Exercise material:
- - -

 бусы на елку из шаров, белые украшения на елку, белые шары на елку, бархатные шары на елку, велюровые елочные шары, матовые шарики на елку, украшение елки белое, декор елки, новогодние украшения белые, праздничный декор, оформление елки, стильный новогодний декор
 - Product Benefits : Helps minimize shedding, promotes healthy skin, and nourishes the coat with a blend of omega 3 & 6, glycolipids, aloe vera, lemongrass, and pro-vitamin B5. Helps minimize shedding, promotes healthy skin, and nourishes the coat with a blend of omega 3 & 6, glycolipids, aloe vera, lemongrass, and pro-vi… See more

- - -

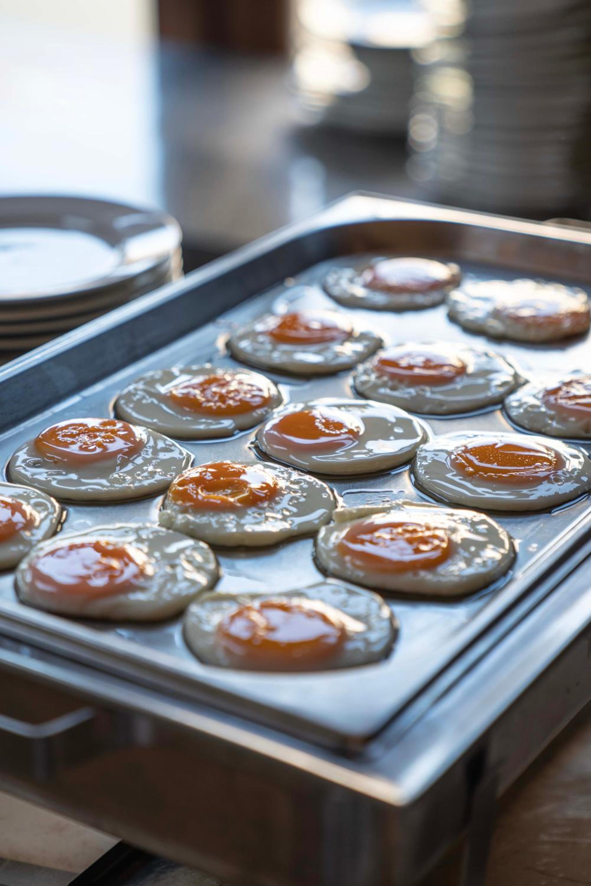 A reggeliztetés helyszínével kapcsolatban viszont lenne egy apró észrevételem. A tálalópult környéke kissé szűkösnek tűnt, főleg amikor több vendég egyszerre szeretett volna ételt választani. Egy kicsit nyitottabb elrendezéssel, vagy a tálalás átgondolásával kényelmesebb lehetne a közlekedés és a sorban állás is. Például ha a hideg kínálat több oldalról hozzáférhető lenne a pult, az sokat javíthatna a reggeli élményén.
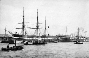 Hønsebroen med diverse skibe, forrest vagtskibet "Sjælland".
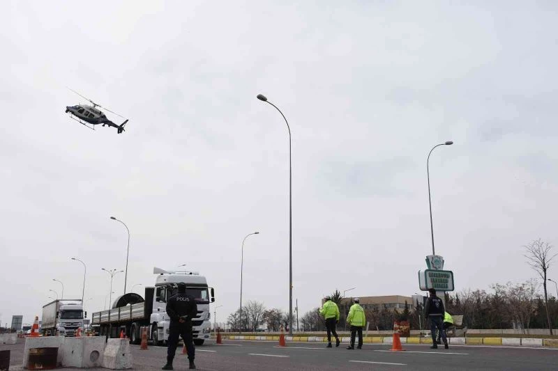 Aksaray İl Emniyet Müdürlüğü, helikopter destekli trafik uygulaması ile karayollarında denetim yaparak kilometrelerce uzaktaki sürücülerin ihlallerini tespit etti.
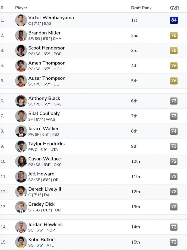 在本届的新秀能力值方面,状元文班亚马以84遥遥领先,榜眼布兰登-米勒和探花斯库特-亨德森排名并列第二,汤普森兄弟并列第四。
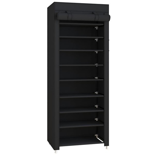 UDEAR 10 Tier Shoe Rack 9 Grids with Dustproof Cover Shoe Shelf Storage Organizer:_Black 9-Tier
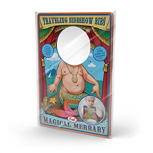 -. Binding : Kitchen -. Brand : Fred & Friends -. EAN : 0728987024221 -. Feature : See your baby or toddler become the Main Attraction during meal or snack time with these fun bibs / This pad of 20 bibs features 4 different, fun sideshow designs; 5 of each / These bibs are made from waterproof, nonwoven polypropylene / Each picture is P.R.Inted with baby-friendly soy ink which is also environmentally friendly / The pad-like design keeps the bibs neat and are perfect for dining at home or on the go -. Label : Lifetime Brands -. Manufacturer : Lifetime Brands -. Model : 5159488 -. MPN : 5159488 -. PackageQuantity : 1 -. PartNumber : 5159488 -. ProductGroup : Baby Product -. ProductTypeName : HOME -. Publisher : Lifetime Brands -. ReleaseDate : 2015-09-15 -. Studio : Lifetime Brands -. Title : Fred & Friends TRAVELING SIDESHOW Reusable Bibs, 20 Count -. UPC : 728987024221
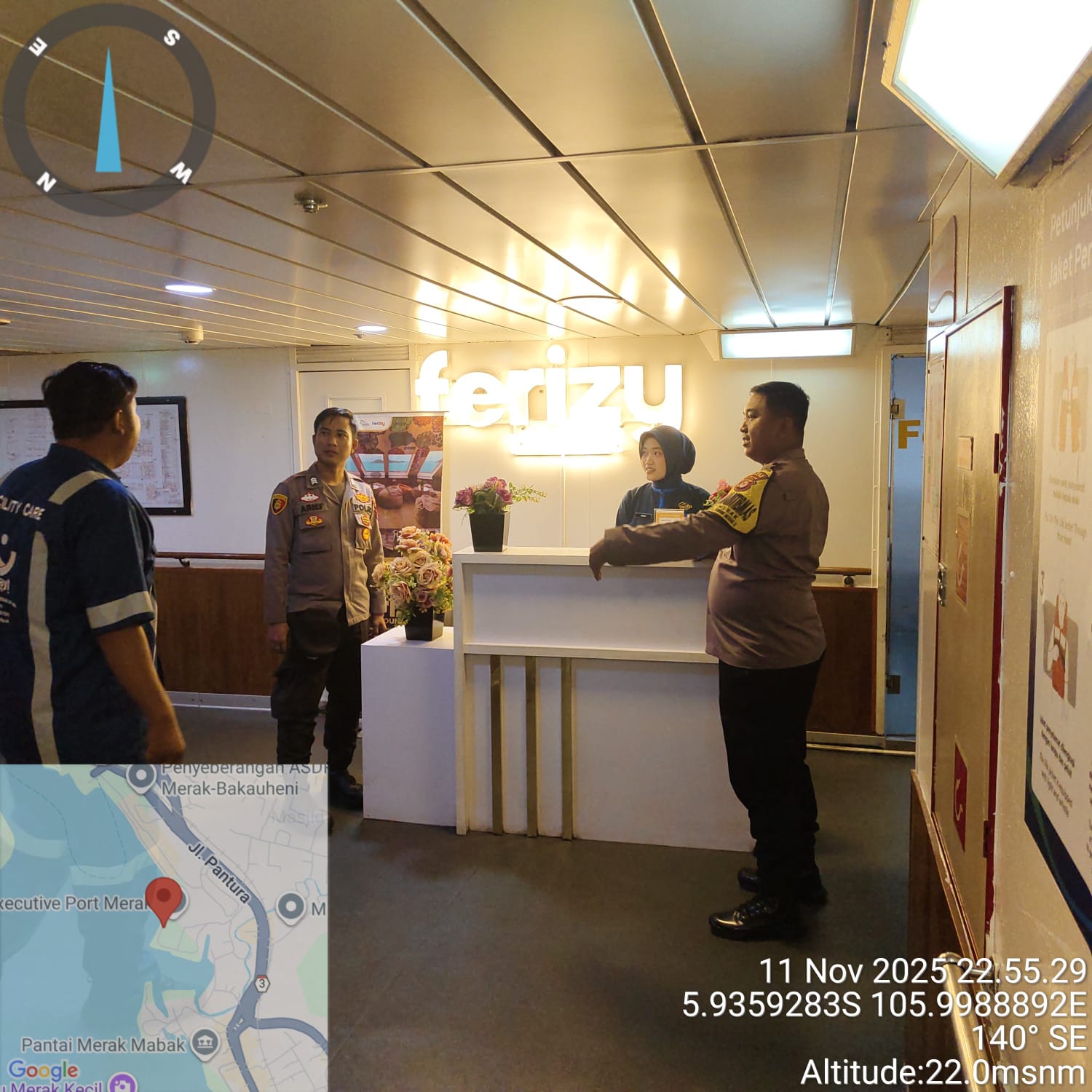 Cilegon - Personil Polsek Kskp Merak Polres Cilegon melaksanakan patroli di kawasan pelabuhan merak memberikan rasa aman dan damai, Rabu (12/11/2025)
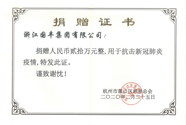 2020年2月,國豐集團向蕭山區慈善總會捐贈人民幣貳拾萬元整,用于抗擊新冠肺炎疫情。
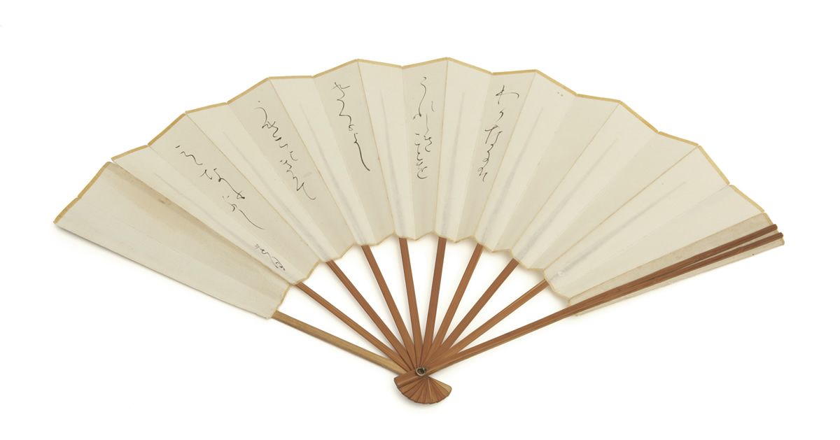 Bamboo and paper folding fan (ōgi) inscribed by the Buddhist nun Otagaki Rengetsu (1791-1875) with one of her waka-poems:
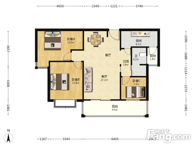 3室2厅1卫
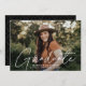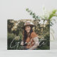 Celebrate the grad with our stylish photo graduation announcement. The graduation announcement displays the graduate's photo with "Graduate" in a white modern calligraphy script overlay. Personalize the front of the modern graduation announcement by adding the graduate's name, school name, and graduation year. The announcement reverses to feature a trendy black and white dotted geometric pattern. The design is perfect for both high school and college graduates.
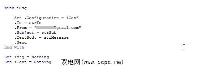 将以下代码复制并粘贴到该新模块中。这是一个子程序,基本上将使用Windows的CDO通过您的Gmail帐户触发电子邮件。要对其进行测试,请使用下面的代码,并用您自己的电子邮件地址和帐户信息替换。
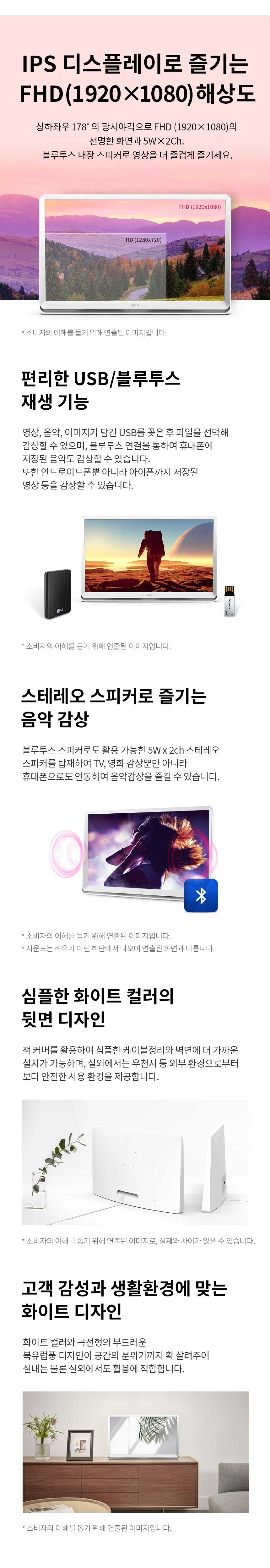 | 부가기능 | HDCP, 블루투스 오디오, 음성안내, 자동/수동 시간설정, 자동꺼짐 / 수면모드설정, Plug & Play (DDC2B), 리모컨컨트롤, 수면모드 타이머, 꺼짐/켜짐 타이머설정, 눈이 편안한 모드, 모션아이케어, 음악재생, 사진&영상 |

- - -

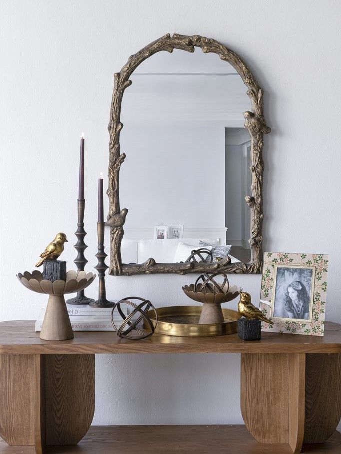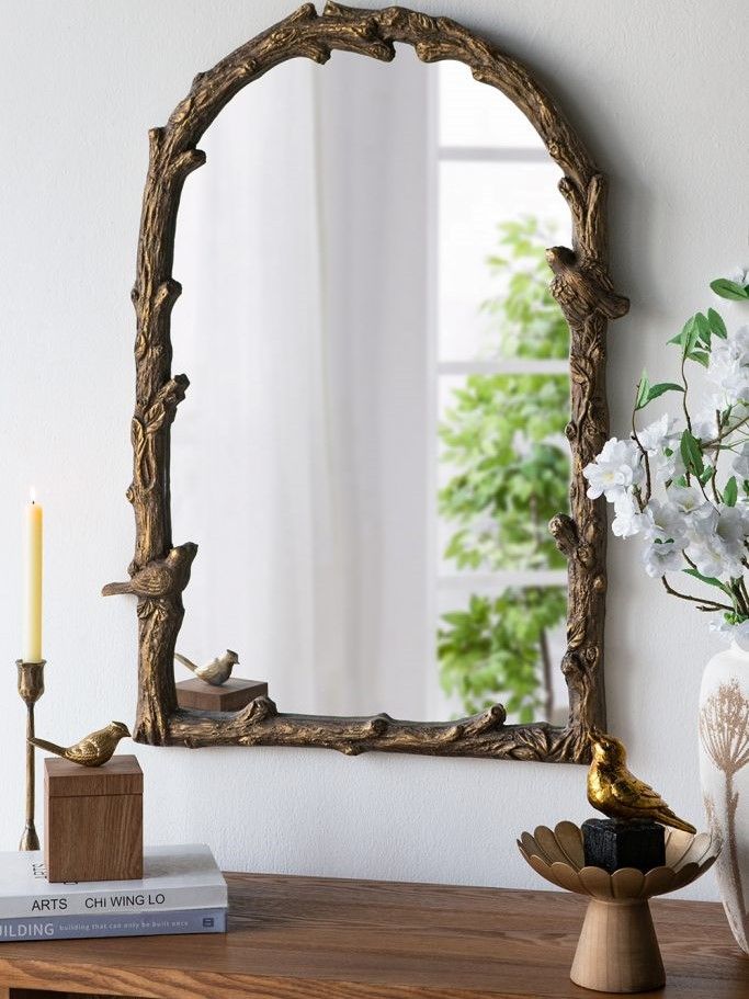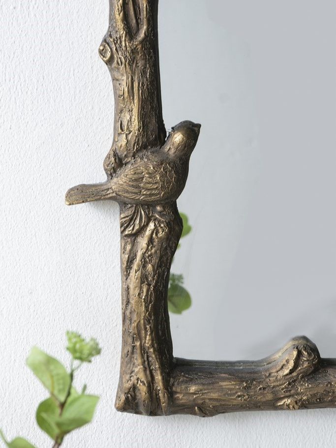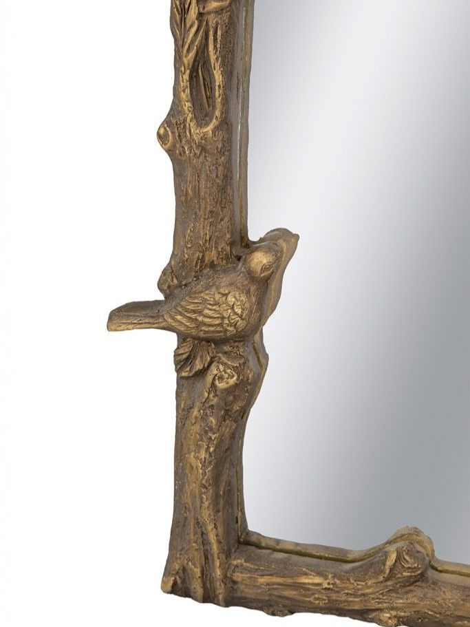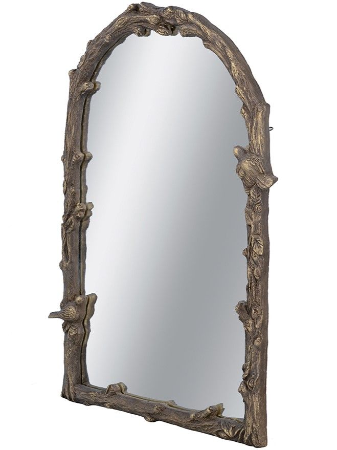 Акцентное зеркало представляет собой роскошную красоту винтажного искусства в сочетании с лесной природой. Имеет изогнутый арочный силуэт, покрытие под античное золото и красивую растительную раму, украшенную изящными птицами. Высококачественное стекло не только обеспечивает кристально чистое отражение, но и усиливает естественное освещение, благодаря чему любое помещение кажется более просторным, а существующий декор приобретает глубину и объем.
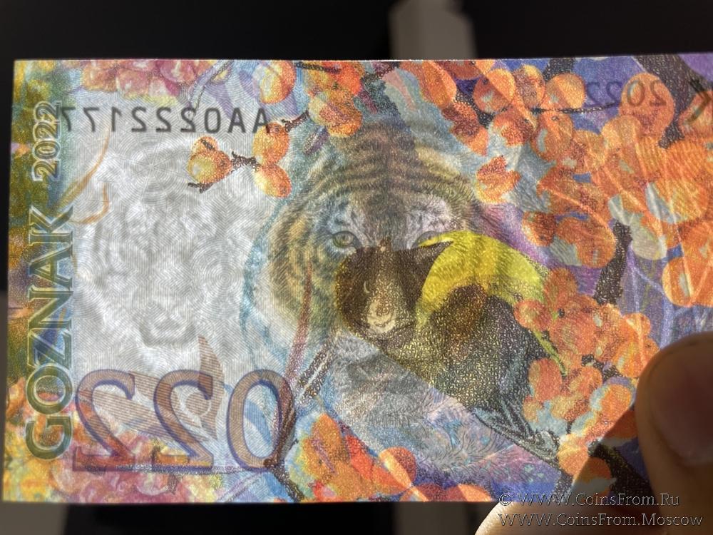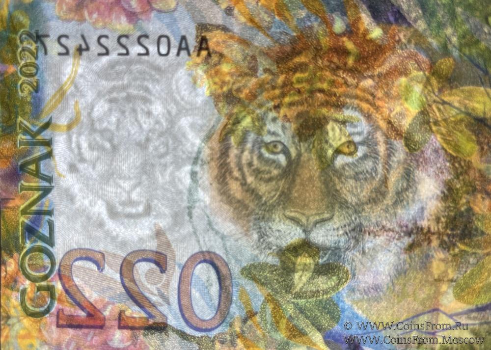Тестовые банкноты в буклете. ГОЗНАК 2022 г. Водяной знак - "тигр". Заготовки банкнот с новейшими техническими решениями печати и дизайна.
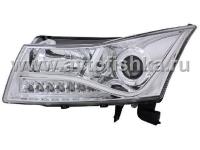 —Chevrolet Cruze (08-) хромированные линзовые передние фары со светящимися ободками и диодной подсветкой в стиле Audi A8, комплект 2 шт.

- - -

Task brief: With pictures omitted, repeat the entries above word for word from the line holding "Тестовые банкноты в" down to the line holding "комплект 2 шт.", keeping both of those lines.

Exercise output:
Тестовые банкноты в буклете. ГОЗНАК 2022 г. Водяной знак - "тигр". Заготовки банкнот с новейшими техническими решениями печати и дизайна.
 —Chevrolet Cruze (08-) хромированные линзовые передние фары со светящимися ободками и диодной подсветкой в стиле Audi A8, комплект 2 шт.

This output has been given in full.